§ **Action item**
Will you transcribe all the entries word for word, skipping the pictures they hold?

Provided data section start

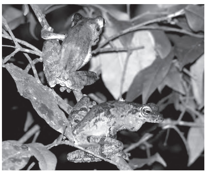
Figure 1. Itapotihyla langsdorffii males after combat, Cerrado habitat, southeastern Brazil.

(Faivovich et al., 2005). Male-male combat among amphibians is common especially due to disputes over territories or mates and includes aggressive and violent fights (Wells, 2007). The most violent combat among anurans is reported for gladiator frogs, Hypsiboas boans group (Kluge, 1979). Most of these species have well developed prepollical spines that are used in combat, causing injury (Duellman & Trueb, 1994).
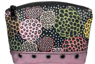
ALTERNATIVE ONE-PIECE BOTTOM - USING THE RIVET TEMPLATE WITH GROMMETS
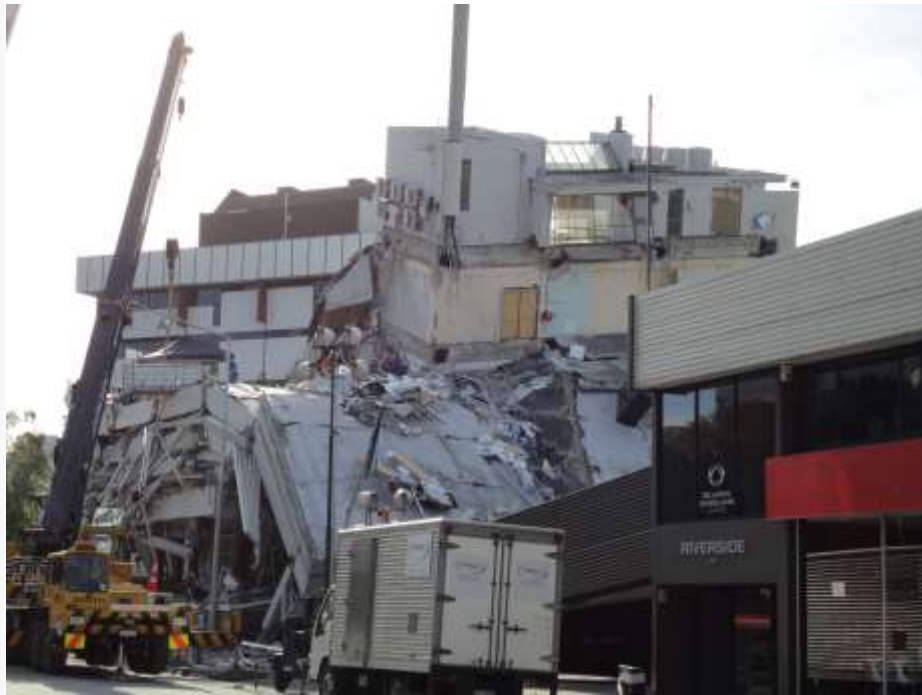
PGC – 18 fatalities
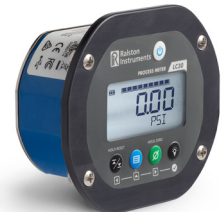
Panel Mounted Field Gauge LC30

Ralston Instruments provides complete pressure calibration solutions for a wide range of applications, saving time and taking the guesswork out of critical pressure testing, maintenance and repair operations.
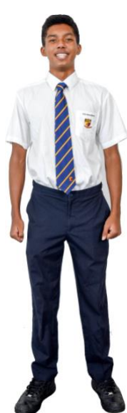
IB Chapel Attire (Male)
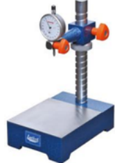
LCS - 9
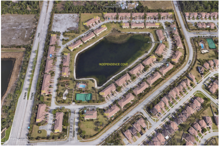
Built in 2005 - 206 units - 2 floors

Independence Address: 1267 Imperial Lake Rd, West Palm Beach, FL 33413 Phone: +1 561-681-1598
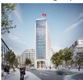
Springer Quartier Hamburg
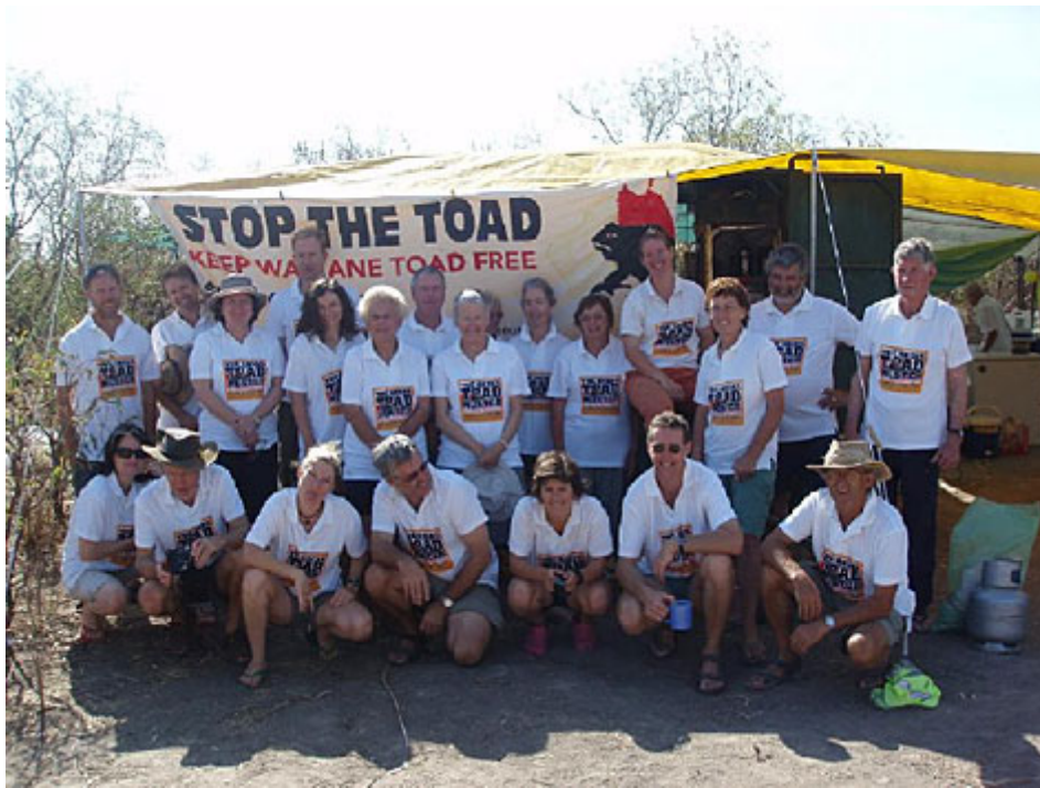
Volunteers on the 2008 Great Toad Muster
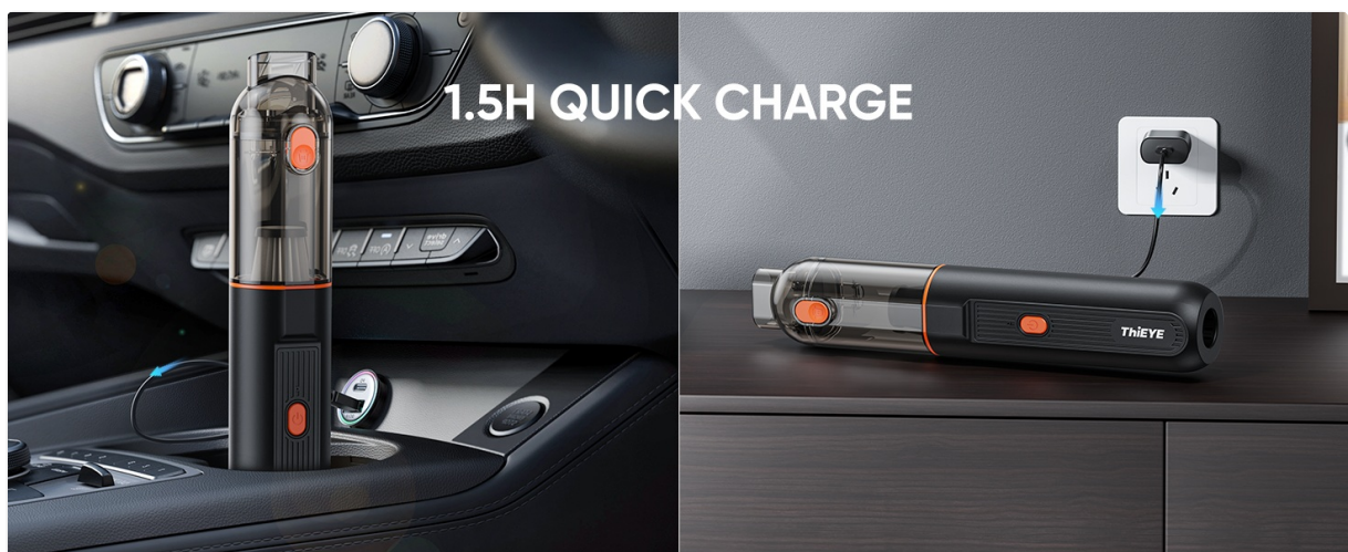
Image: ThiEYE VK Air charging in a car and connected to a wall adapter at home.
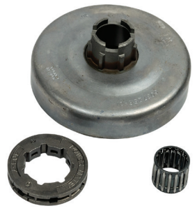
CLUTCH DRUM 503 62 59-04
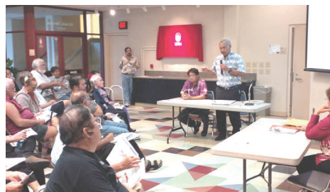
Senator Kahele presents his portion of the meeting, specifically speaking on the future of aviation sciences at UH-Hilo and HawCC.

Amongst the array of projects and initiatives that were discussed, the Legislators touched upon several specific topics like education, healthcare, agriculture, and infrastructure.
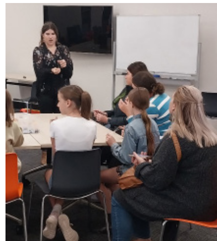
Pic Creative with Clay workshop at Jindera.

For further information or bookings please contact T: 02 6036 0100.
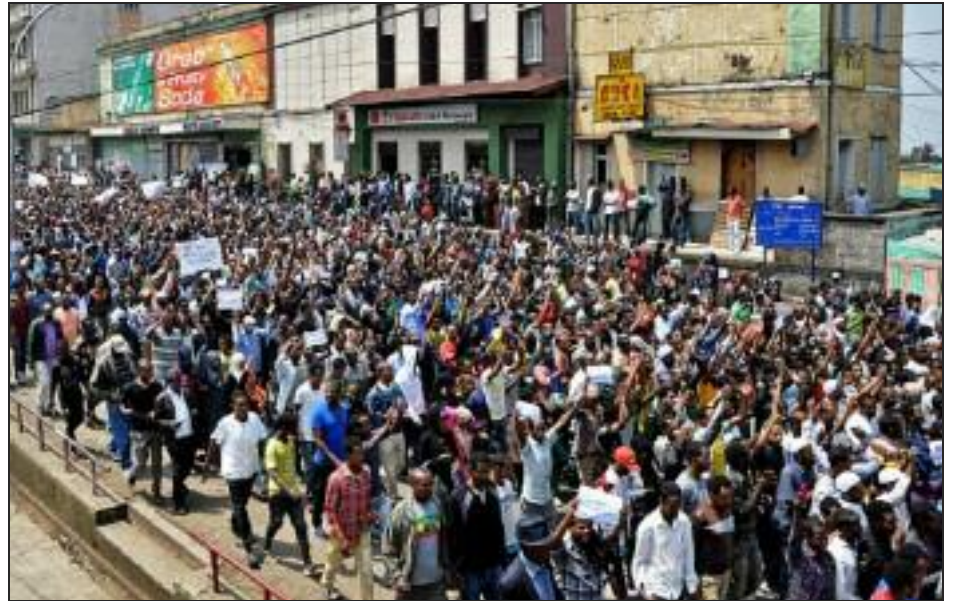
MASSES IN ETHIOPIA DENOUNCE RACIST SAUDI BOSSES

MASSES IN MOTION IN MIDDLE EAST/NORTH AFRICA SEE PAGE 8
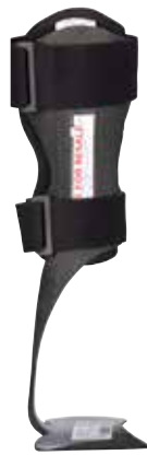
KiddieGAIT® Youth Sizes
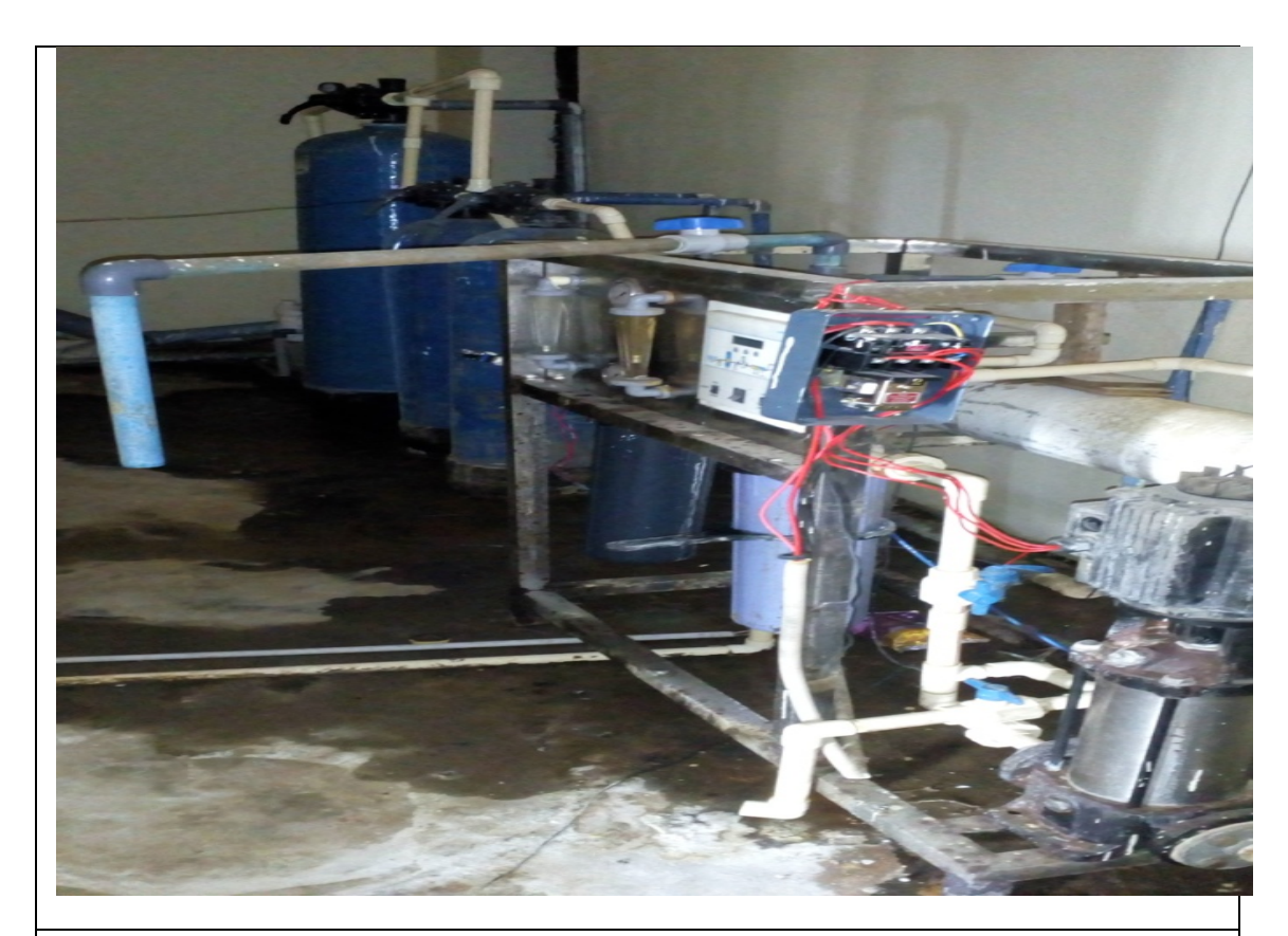
RO Mineral Water plant
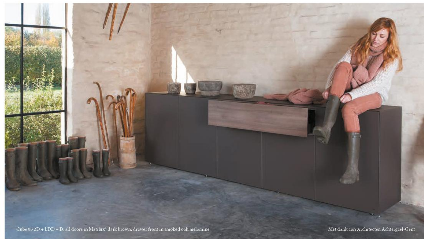
Cube 83 2D + LDD + D, all doors in Matilux® dark brown, drawer front in smoked oak melamine
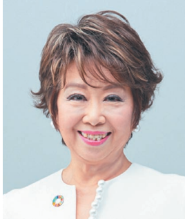
Chairperson, Representative Director Poppins Holdings Inc.
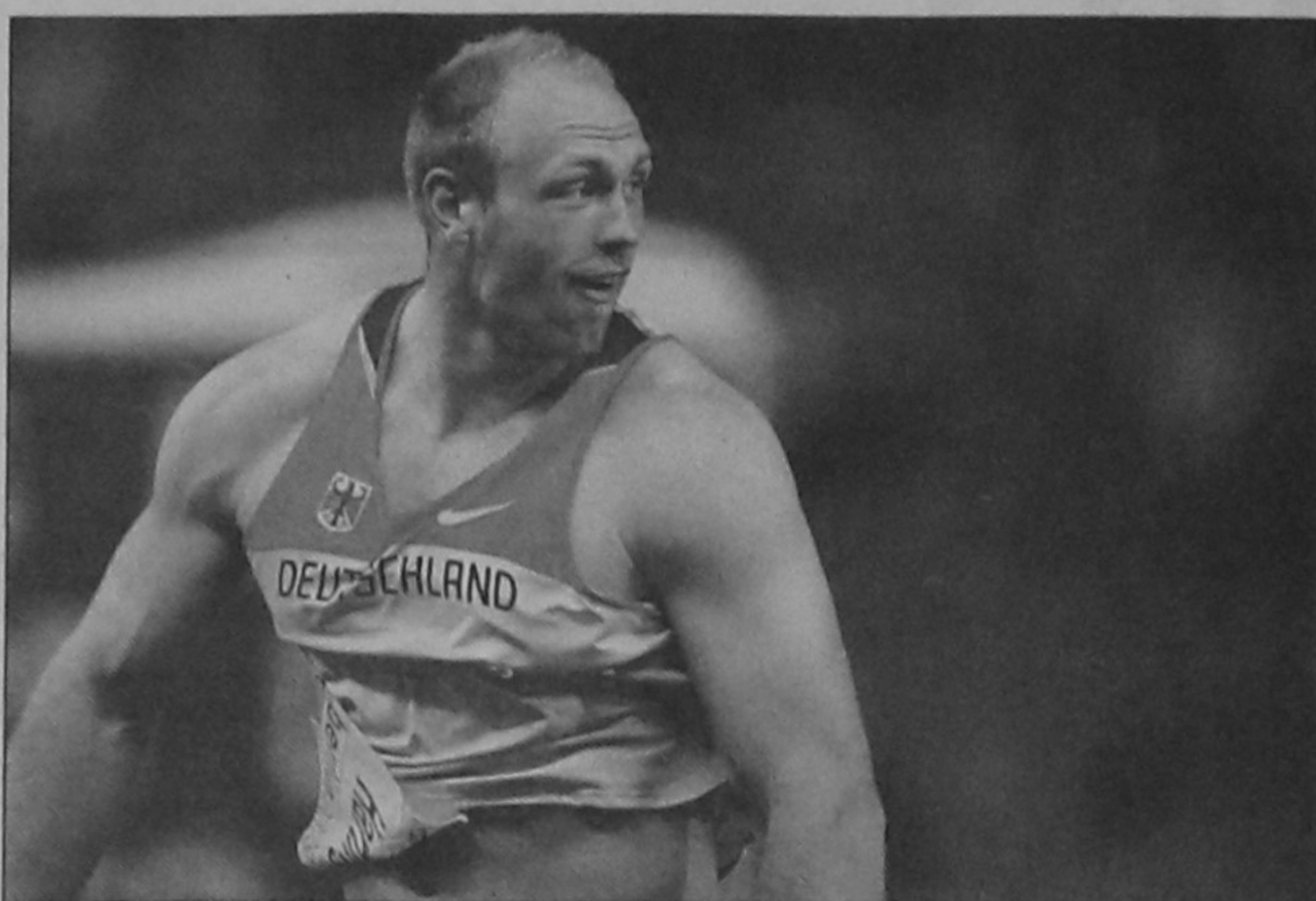
German Robert Harting looks back after a satisfying hurl in the men's discus throw that he won after close contest at Athletics World Championships in Berlin on Wednesday.

The very first Olympic race, held in 776 BC, was won by Corubus, a chef.
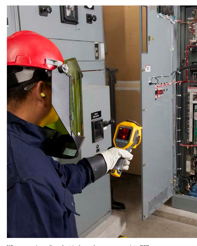
When scanning a live electrical panel, wear appropriate 70E personal protective equipment for arc flash and stand at least four feet away.

Objects that have high emissivity emit thermal energy well and are not usually very reflective. Materials that have low emissivity are usually fairly reflective and do not emit thermal energy well. This can cause confusion and incorrect analysis of the situation if you are not careful. A thermal imager can only accurately calculate the surface temperature of an object
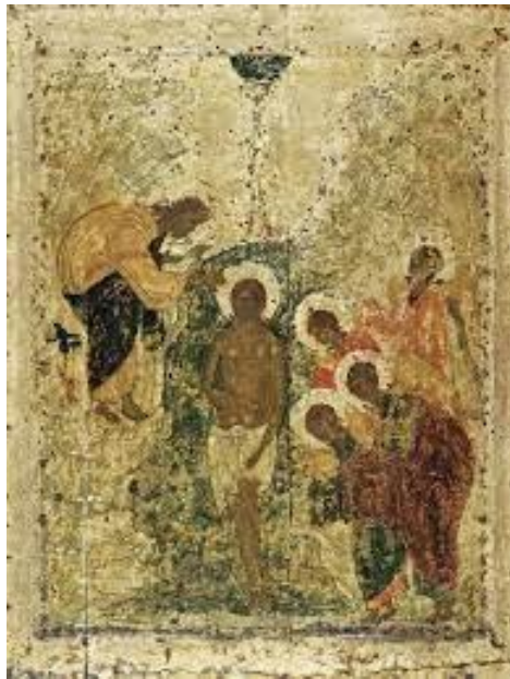
Andrei Rublev, c.1405 Cathedral of the Annunciation, Moscow, Russia
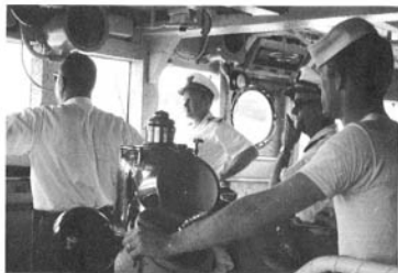
. . . and directs us out of the harbor.
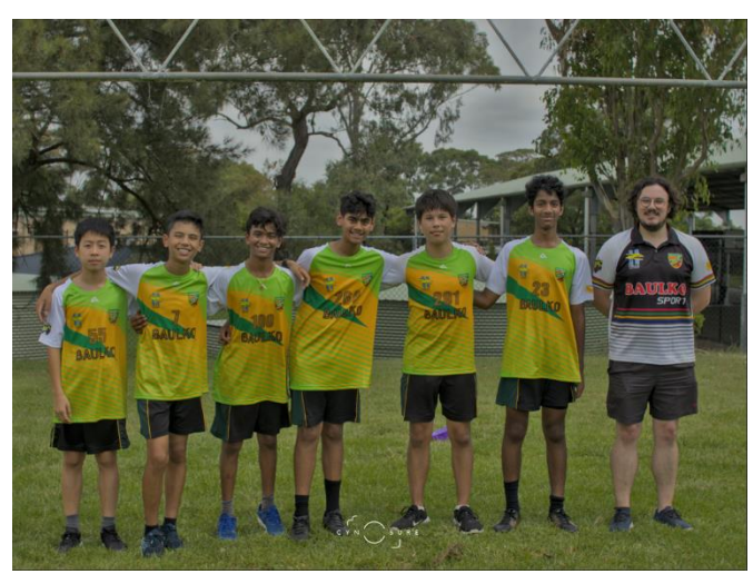
15's Touch Football A
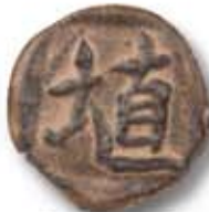
SH-32 [O] [T] Cacao Matte
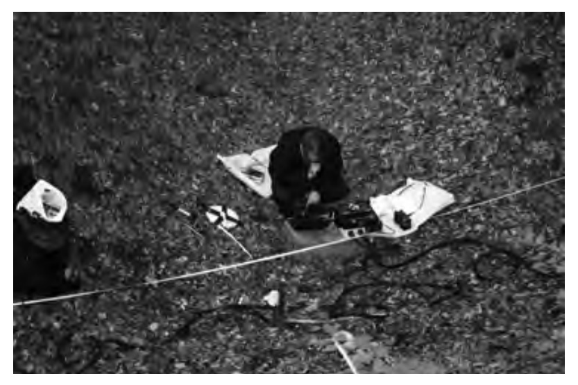
Studying the locations and sizes of the Killing Sites of Holocaust in Bryuchovychy near Lviv.

To resolve the obstacles and complexities our organization was looking for ways to avoid digging at the Killing Sites.
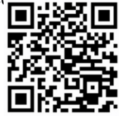
Digital Visitor Card

In the pew you will find an information card. Please leave us information on how we might be in touch with you to share more about life at Westover Hills. We would love to share a little about our story and hear more about yours. If you do not see a card in the pew near you, please ask one of the ushers you saw when you came in and we will be sure to get one for you. If you prefer, please scan the QR code below to be directed to the contact page of our website.

Provided data section end

§ **Task result**
Figure 1. Itapotihyla langsdorffii males after combat, Cerrado habitat, southeastern Brazil.

(Faivovich et al., 2005). Male-male combat among amphibians is common especially due to disputes over territories or mates and includes aggressive and violent fights (Wells, 2007). The most violent combat among anurans is reported for gladiator frogs, Hypsiboas boans group (Kluge, 1979). Most of these species have well developed prepollical spines that are used in combat, causing injury (Duellman & Trueb, 1994).
ALTERNATIVE ONE-PIECE BOTTOM - USING THE RIVET TEMPLATE WITH GROMMETS
PGC – 18 fatalities
Panel Mounted Field Gauge LC30

Ralston Instruments provides complete pressure calibration solutions for a wide range of applications, saving time and taking the guesswork out of critical pressure testing, maintenance and repair operations.
IB Chapel Attire (Male)
LCS - 9
Built in 2005 - 206 units - 2 floors

Independence Address: 1267 Imperial Lake Rd, West Palm Beach, FL 33413 Phone: +1 561-681-1598
Springer Quartier Hamburg
Volunteers on the 2008 Great Toad Muster
Image: ThiEYE VK Air charging in a car and connected to a wall adapter at home.
CLUTCH DRUM 503 62 59-04
Senator Kahele presents his portion of the meeting, specifically speaking on the future of aviation sciences at UH-Hilo and HawCC.

Amongst the array of projects and initiatives that were discussed, the Legislators touched upon several specific topics like education, healthcare, agriculture, and infrastructure.
Pic Creative with Clay workshop at Jindera.

For further information or bookings please contact T: 02 6036 0100.
MASSES IN ETHIOPIA DENOUNCE RACIST SAUDI BOSSES

MASSES IN MOTION IN MIDDLE EAST/NORTH AFRICA SEE PAGE 8
KiddieGAIT® Youth Sizes
RO Mineral Water plant
Cube 83 2D + LDD + D, all doors in Matilux® dark brown, drawer front in smoked oak melamine
Chairperson, Representative Director Poppins Holdings Inc.
German Robert Harting looks back after a satisfying hurl in the men's discus throw that he won after close contest at Athletics World Championships in Berlin on Wednesday.

The very first Olympic race, held in 776 BC, was won by Corubus, a chef.
When scanning a live electrical panel, wear appropriate 70E personal protective equipment for arc flash and stand at least four feet away.

Objects that have high emissivity emit thermal energy well and are not usually very reflective. Materials that have low emissivity are usually fairly reflective and do not emit thermal energy well. This can cause confusion and incorrect analysis of the situation if you are not careful. A thermal imager can only accurately calculate the surface temperature of an object
Andrei Rublev, c.1405 Cathedral of the Annunciation, Moscow, Russia
. . . and directs us out of the harbor.
15's Touch Football A
SH-32 [O] [T] Cacao Matte
Studying the locations and sizes of the Killing Sites of Holocaust in Bryuchovychy near Lviv.

To resolve the obstacles and complexities our organization was looking for ways to avoid digging at the Killing Sites.
Digital Visitor Card

In the pew you will find an information card. Please leave us information on how we might be in touch with you to share more about life at Westover Hills. We would love to share a little about our story and hear more about yours. If you do not see a card in the pew near you, please ask one of the ushers you saw when you came in and we will be sure to get one for you. If you prefer, please scan the QR code below to be directed to the contact page of our website.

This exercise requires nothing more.